Let us be as maladjusted as Jesus of Nazareth, who could look into the eyes of the men and women of his generation and cry out, 'Love your enemies. Bless them that curse you. Pray for them that despitefully use you.[3]

Ah, who’s crazy now?

It really comes down to what we believe about the first coming of Jesus. Has the world changed because of him? Has the kingdom of God truly come near?

If nothing has changed, then human life will be an endless string of oppression, misery, darkness, and defeat. But if God has come, if God is intruding upon the status quo, then we can act like Jesus. We can do the will of God. We can confront the powers of hell as if God rules over heaven and earth. We can act in the face of death as if death has already been defeated. We can heal, lift up, and love all people abundantly. We can gather here to sing praises to a Savior who has already assured us of the world's ultimate redemption.

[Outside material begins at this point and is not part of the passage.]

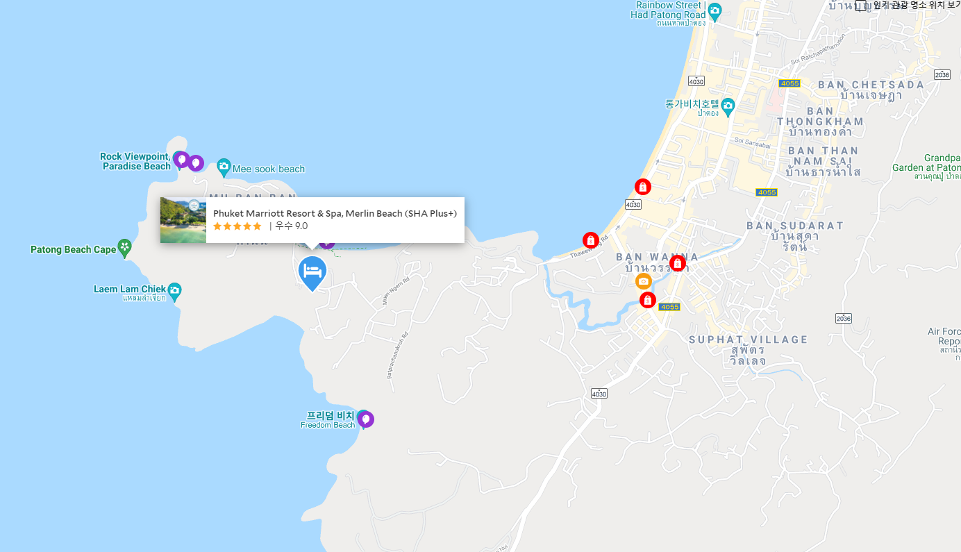 푸켓의 볼거리와 사운드를 즐기고 싶다면 푸켓 메리어트 리조트 앤 스파 멀린비치(Phuket Marriott Resort & Spa, Merlin Beach)는 탁월한 선택입니다. 도심에서 단 5 km 거리에 있는 본 숙소는 투숙객이 빠르고 쉽게 지역의 많은 명소들을 즐길 수 있는 위치적 이점이 있습니다. 본 숙소는 도시의 필수 관광 명소에 손쉽게 접근할 수 있는 편리한 위치를 자랑합니다.

The world might look at us and say, “You’re out of your minds.”  But that’s when we hear Jesus say, “You’re my brother, you’re my sister, you’re my family.”


 (c) William G. Carter. All rights reserved.

[1] Hear the song for yourself at https://www.youtube.com/watch?v=l-lJZiqZaGA
[3] Martin Luther King, Jr., "The American Dream," A Testament of Hope: The Essential Writings and Speeches of Martin Luther King, Jr. (New York: HarperCollins, 1986) 216.